To do: Exact copy, no pictures: every line from the one that contains "Van de 1.028" through the end of the data below, and nothing else.

Dataset excerpts:
######

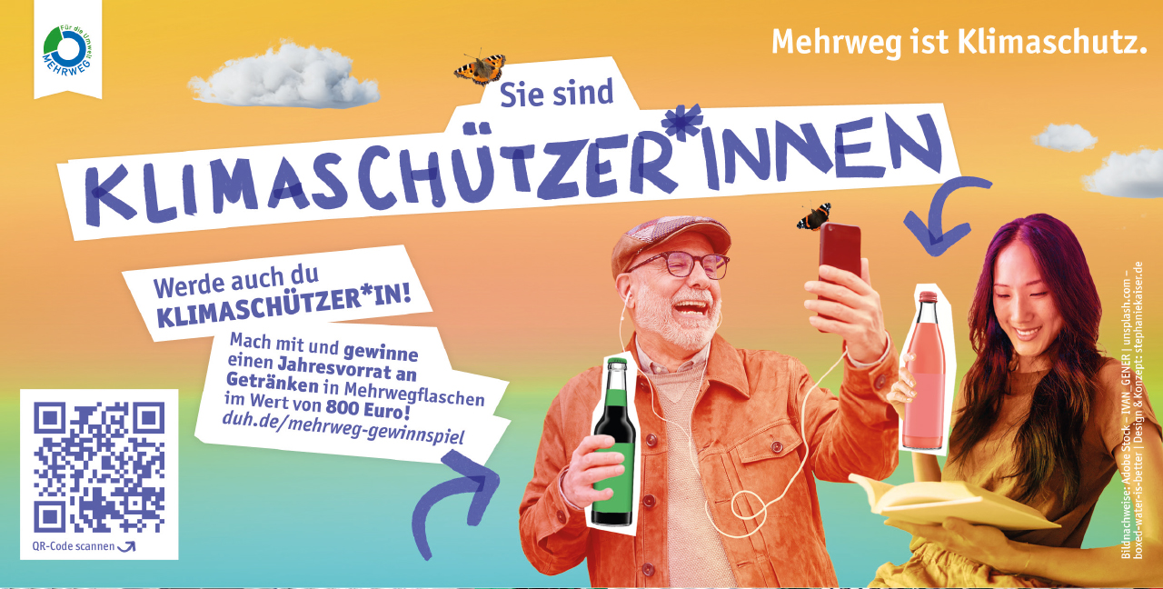 In Deutschland fallen fast zwei Millionen Einwegplastikflaschen als Müll an – stündlich! Eine höhere Mehrwegquote könnte die Abfallmenge drastisch reduzieren, und zudem noch reichlich schädliche Emissionen vermeiden. Allerdings liegt der Mehrweganteil bei den Getränkeflaschen in Deutschland gerade einmal bei 43 Prozent und damit deutlich unter den vom Verpackungsgesetz anvisierten 70 Prozent. Um das zu ändern, hat die Mehrweg-Allianz – bestehend aus dem Bundesverband des Deutschen Getränkefachgroßhandels, der Deutschen Umwelthilfe, der Stiftung Initiative Mehrweg, dem Verband des Deutschen Getränke-Einzelhandels, dem Verband Private Brauereien Deutschland und dem Verband Pro Mehrweg – ein Gewinnspiel in Leben gerufen. Noch bis Ende August verlosen die Organisatoren insgesamt 20 Jahresvorräte an Getränken in Mehrwegflaschen im Wert von 800 Euro. Alles, was die Teilnehmenden tun müssen ist, sich unter oben stehendem Link zu registrieren. Viel Erfolg!
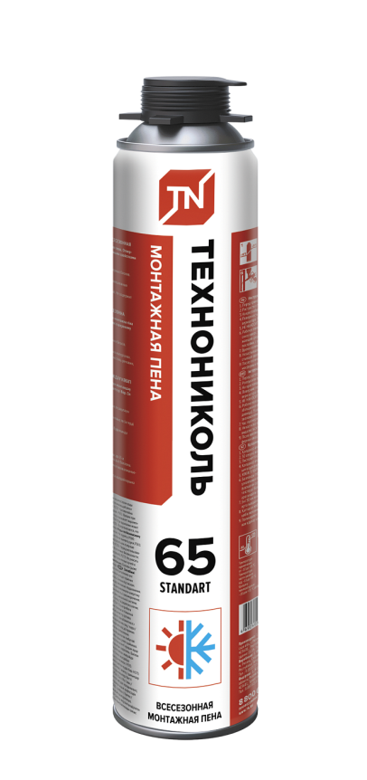 Монтажная пена ТЕХНОНИКОЛЬ 65 STANDART всесезонная представляет собой однокомпонентный полиуретановый материал в аэрозольной упаковке. Монтажная пена отличается высокой эластичностью, контролируемым объемом монтажного валика, высокими показателями тепло- и звукоизоляции, активным первичным и умеренным вторичным расширением. Пена обладает хорошей адгезией к большинству строительных материалов, за исключением фторопласта, силикона и полиэтилена.
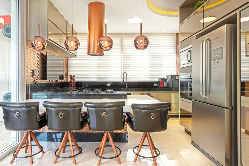 Contemporânea e funcional. Essas são as características que definem a cozinha da Casa Olivito, Uma porta de correr separa esse ambiente da sala de jantar. Se a porta estiver aberta, todos os espaços ficam integrados. Destaque para a coifa – da Design Coifas – e os pendentes da bancada na cor cobre, que conferem requinte a este projeto de interiores.
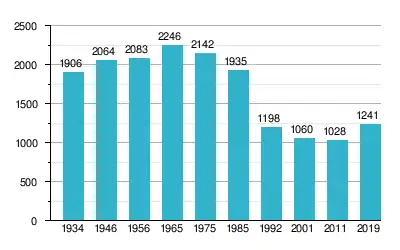 Van de 1.028 inwoners die in februari 2011 werden geregistreerd, waren er 152 jonger dan 15 jaar oud (15%), terwijl er 145 inwoners van 65 jaar of ouder werden geteld (14%).[4]
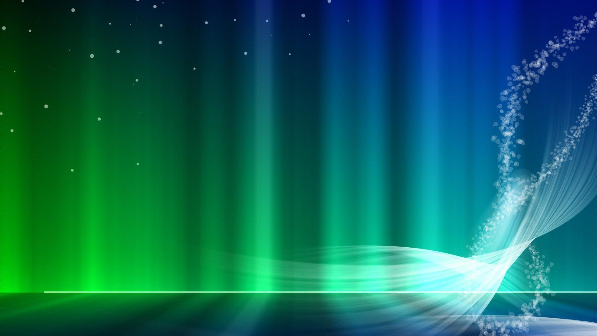 Description: A green and blue background with stars and a wave of light in the middle of the image and a blue sky with stars and a green and blue background.
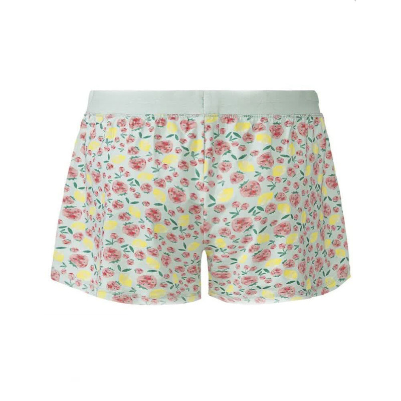 تیشرت زنانه اسمارا رنگ سبز طرح چاپ استین گوتاه یقه گرد قد کار تا روی باسن شلوارگ رنگ سبز طرح میوه کمر کار کش داری لند تنظیم کننده قد کار تا روی باسن
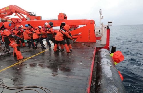 “大家合力往船上拉浮球和Lander本体。出人意料的是,浮球和Lander本体之间的绳子突然断了,只拉起来两个浮球,这种情况以前很少出现。”付耀奎说。
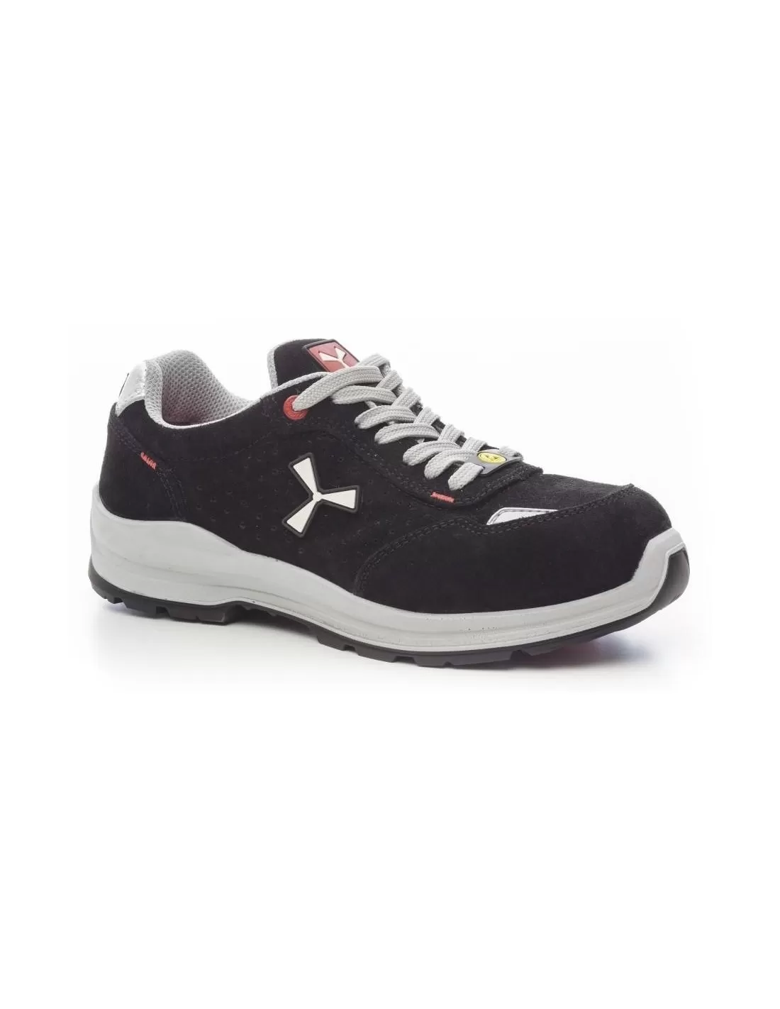 Scarpa di sicurezza antistatica bassa da donna, tomaia in crosta traforata idrorepellente e traspirante, fodera interna (per tutta la superficie interna) traspirante e resistente all’abrasione, 1+1 occhielli metalfree e 6+6 fori passalacci rinforzati, inserti riflettenti nel paratacco e nel lato esterno della punta, puntale in alluminio pressofuso, plantare estraibile Ortholite X40 016, soletta in lamina tessile certificata antiperforazione, cambrione anti-torsione, sottopuntale a ferro di cavallo, intersuola in poliuretano ultraleggero, ammortizzatore MASTER BALANCE in PU polietere ad alta tenacità e densità bilanciata, suola XTRAIL GRIP in TPU con paratacco e parapunta.
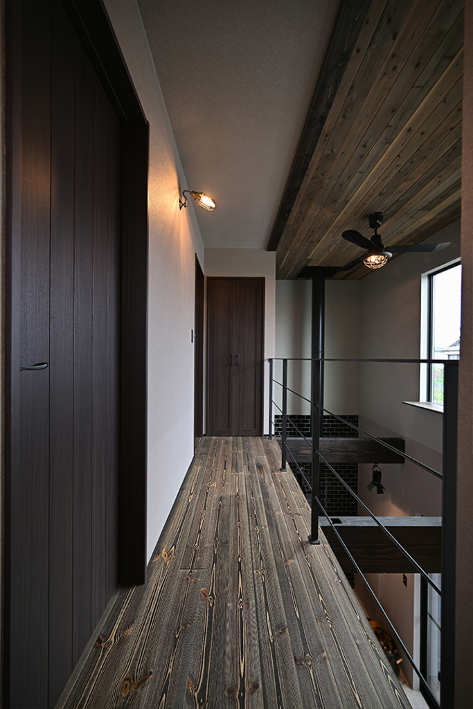二階の廊下も吹き抜けに面してアイアンのフラットバーにすることで、開放感と自然光が広がります。
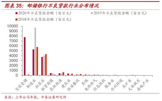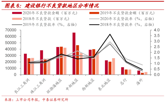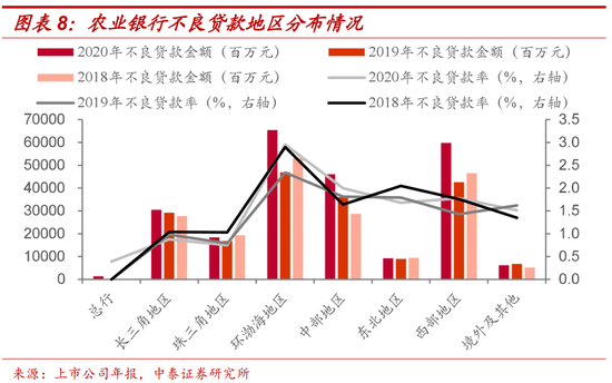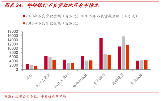 从不良贷款的地区分布看,2020年末不良贷款中,环渤海地区占比27.6%,西部地区占比25.2%,中部地区占比19.4%。不良贷款余额变动方面,总行不良贷款余额从2019年的0.06亿增加到13.69亿,上升22716.67%,西部地区从2019年的425.37亿增加到597.90亿,上升40.56%,环渤海地区从2019年468.83亿增加到654.05亿,上升39.51%,中部地区从2019年359.69亿增加到460.09亿,上升27.91%。

######

Problem solution:
 Van de 1.028 inwoners die in februari 2011 werden geregistreerd, waren er 152 jonger dan 15 jaar oud (15%), terwijl er 145 inwoners van 65 jaar of ouder werden geteld (14%).[4]
 Description: A green and blue background with stars and a wave of light in the middle of the image and a blue sky with stars and a green and blue background.
 تیشرت زنانه اسمارا رنگ سبز طرح چاپ استین گوتاه یقه گرد قد کار تا روی باسن شلوارگ رنگ سبز طرح میوه کمر کار کش داری لند تنظیم کننده قد کار تا روی باسن
 “大家合力往船上拉浮球和Lander本体。出人意料的是,浮球和Lander本体之间的绳子突然断了,只拉起来两个浮球,这种情况以前很少出现。”付耀奎说。
 Scarpa di sicurezza antistatica bassa da donna, tomaia in crosta traforata idrorepellente e traspirante, fodera interna (per tutta la superficie interna) traspirante e resistente all’abrasione, 1+1 occhielli metalfree e 6+6 fori passalacci rinforzati, inserti riflettenti nel paratacco e nel lato esterno della punta, puntale in alluminio pressofuso, plantare estraibile Ortholite X40 016, soletta in lamina tessile certificata antiperforazione, cambrione anti-torsione, sottopuntale a ferro di cavallo, intersuola in poliuretano ultraleggero, ammortizzatore MASTER BALANCE in PU polietere ad alta tenacità e densità bilanciata, suola XTRAIL GRIP in TPU con paratacco e parapunta.
二階の廊下も吹き抜けに面してアイアンのフラットバーにすることで、開放感と自然光が広がります。
 从不良贷款的地区分布看,2020年末不良贷款中,环渤海地区占比27.6%,西部地区占比25.2%,中部地区占比19.4%。不良贷款余额变动方面,总行不良贷款余额从2019年的0.06亿增加到13.69亿,上升22716.67%,西部地区从2019年的425.37亿增加到597.90亿,上升40.56%,环渤海地区从2019年468.83亿增加到654.05亿,上升39.51%,中部地区从2019年359.69亿增加到460.09亿,上升27.91%。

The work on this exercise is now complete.